The Regulations Review Committee analyses delegated legislation and draws attention to issues that it considers should be considered in making regulations.

In its review of the year to the dissolution of Parliament, the committee, which is chaired by the Labour Party MP David Parker, found some issues with AML-CFT, notably with clause 38, which it then raised with the Law and Order Committee.

“This clause sought to replace section 139 with two new sections relating to the disclosure of information. The provision as introduced appeared to suggest that the regulations could extend the purpose for which information may be disclosed,” its 2017 report says.

“In particular, the regulation-making power did not require recipients of information under a specific section to have a “proper interest” in receiving the information, seemingly inconsistent with requirements elsewhere in the bill.
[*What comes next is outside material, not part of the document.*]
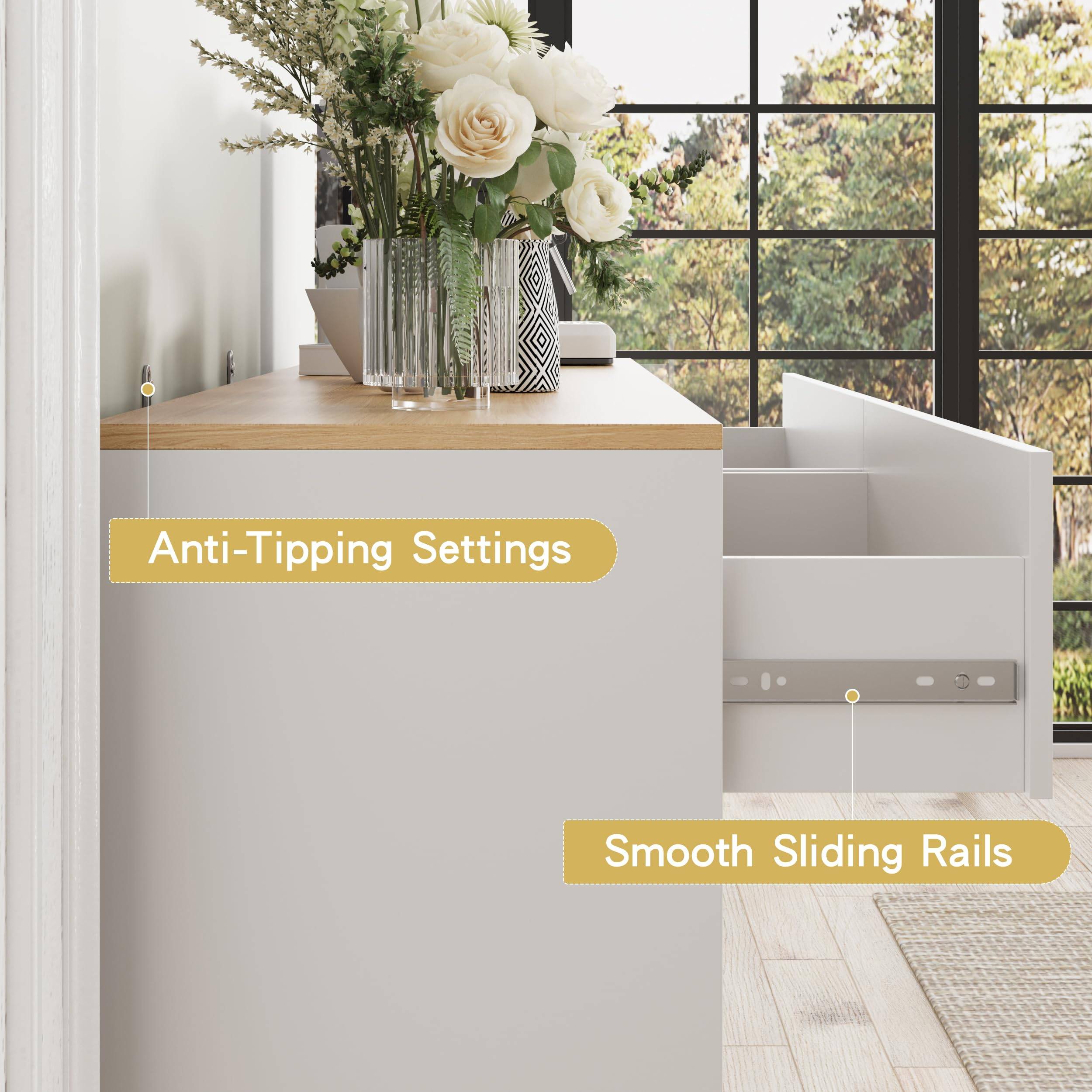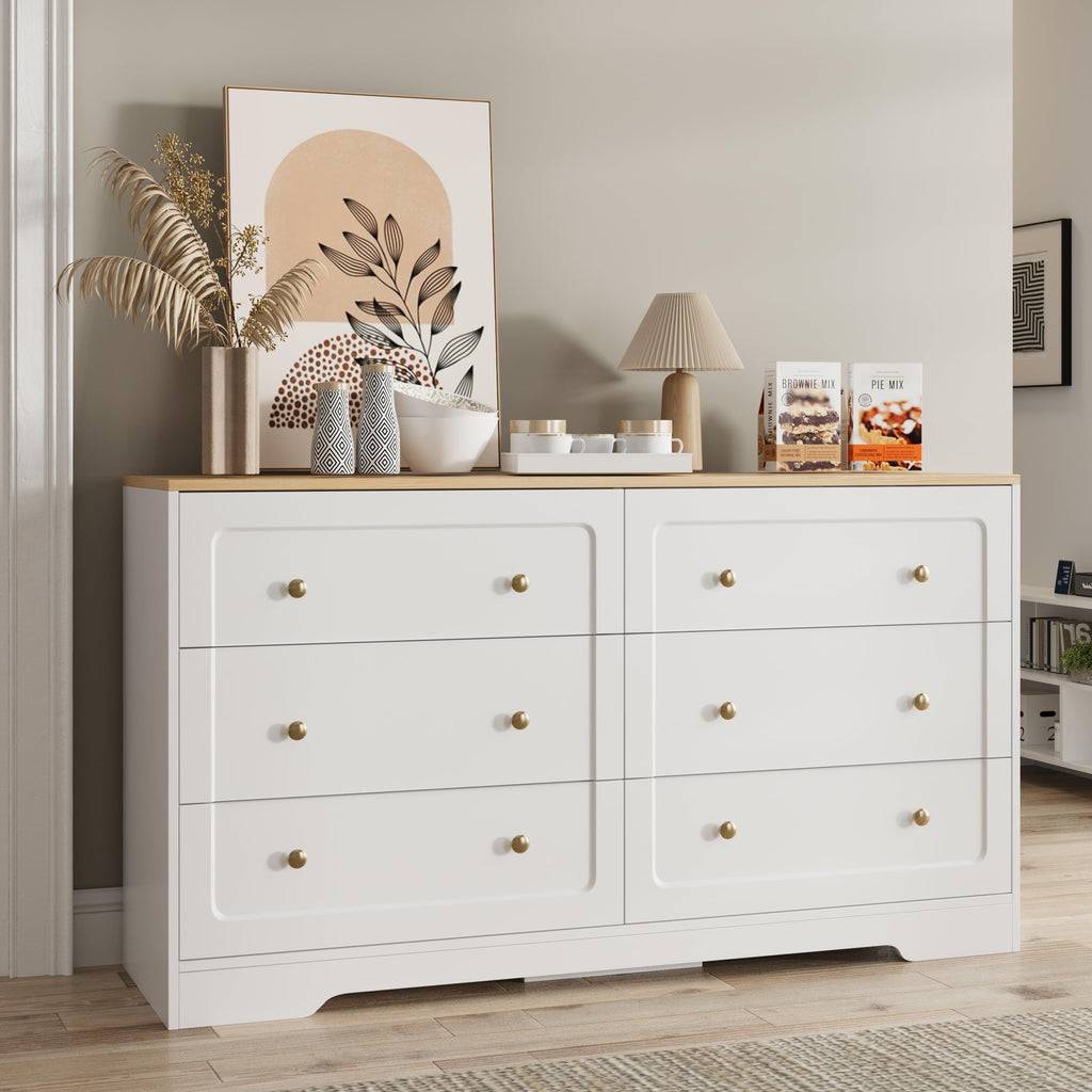 White storage cabinet with large capacity drawers: The wooden dresser has 6 spacious storage drawers with a large desktop. Providing ample storage space, you can easily organize and categorize your wardrobe essentials. Its spacious tabletop serves as a stylish canvas to showcase framed photos, artistic accents, and more beautifully.
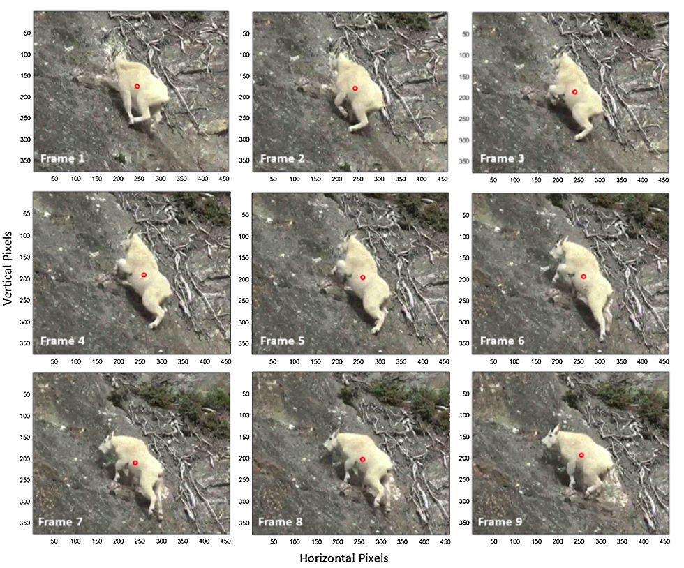 圖中顯示了雪羊攀爬運動的9幀圖像,重心位置由紅色空心點表示。前6幀為攀爬的推出階段,即後肢與山表面接觸,最後3幀為引體向上階段。|參考資料[2]

To address these issues, we recommended that the committee amend clause 38 so that it sets out clear limits on the regulation-making power relating to information sharing, and retains the “proper interest” requirement.”  

The committee’s report notes that the Law and Order Committee acknowledged that “the framework provided for information sharing under clauses 38, 40, and 48 is unduly broad” and noted its “concerns about the breadth and implications of these provisions” with regard to the new sections that would be inserted by clause 38.

That committee has recommended amending clause 38 to delete clauses 139 and 139A of the bill. It also recommended the addition of clause 38A to insert new section 139A in the Act, which would allow regulations relating to information sharing to be made by Order in Council. It would impose additional safeguards such as that, before making regulations, the Minister must consult with the Privacy Commissioner, among other people.